Why Uber drivers in California should unionize immediately

Uber black car taxi driver lincolnREUTERS/Lucy NicholsonTransportation app Uber driver Shuki Zanna, 49, poses in front of his limousine in Beverly Hills, California, December 19, 2013.

California’s Labour Commission ruled Wednesday that Uber drivers in the state should be considered employees.

This is a potentially huge blow to the company, as its business model relies on using independent contractors, for whom it does not pay benefits or employment taxes.

The ruling reads, in part, “Defendants [that’s Uber] hold themselves out as nothing more than a neutral technological platform, designed simply to enable drivers and passengers to transact the business of transportation. The reality, however, is that Defendants are involved in every aspect of the operation.”

Other than not owning the cars drivers operate, Uber more or less controls every step of how its company operates. Therefore, California says that makes the people who work under Uber’s rules its employees.

And now that California Uber drivers are employees, it’s time for them to organise. If they want to protect their jobs, they really have no choice.

Here’s why:

  • In the short term, Uber may start shedding employees it can no longer afford.
  • In the medium term, there’s almost definitely a wage pinch coming. Uber has shown that it has little respect for maintaining its fares — it keeps cutting them to the detriment of drivers.

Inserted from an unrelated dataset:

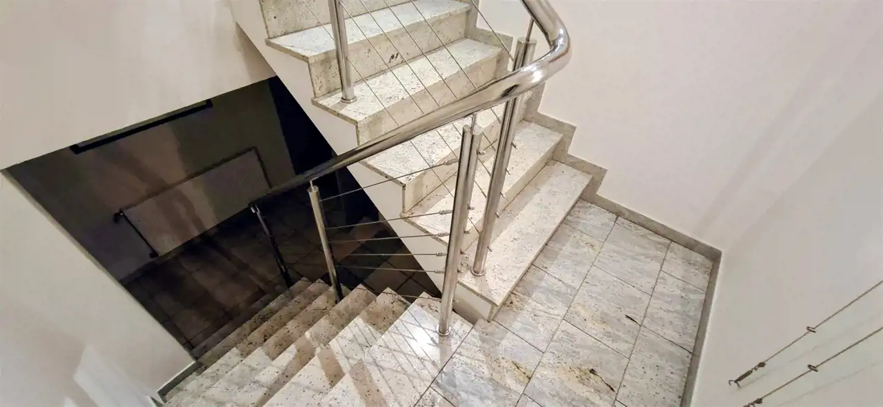 Duże przeszklenia wejścia i okien, otwarte przestrzenie, wysoka jakość materiałów do wykończenia – podłogi z drewna, schody granitowe, balustrady szklane, wewnętrzny kominek.

The only way that drivers stand a chance of protecting their income is to come at the company as an organised group.
  • In the long term, Uber drivers face an automation problem. Driverless cars are coming. Maybe not this decade, but certainly in this lifetime. A union won’t be able to stop that process, but it can be a big help as it happens. Anything human drivers can do to protect their jobs is a good thing.

And Uber drivers, in fact, have actually already started the process toward unionizing.

They already have an interest group, the California App-Based Drivers’ Association (CADA), established in 2014. And the group has met with the Teamsters Local 986 in El Monte, California.

According to the Teamsters last August, “After Uber management flatly refused to sit with members of CADA’s steering committee, and privately stated that it does not, and will not recognise any association that seeks to speak on behalf of drivers, CADA reached out to Teamsters Local 986 for organizational and lobbying assistance.”

Now that California drivers are employees, they have the right to organise under National Labour Relations Act.

And the time to do it is immediately.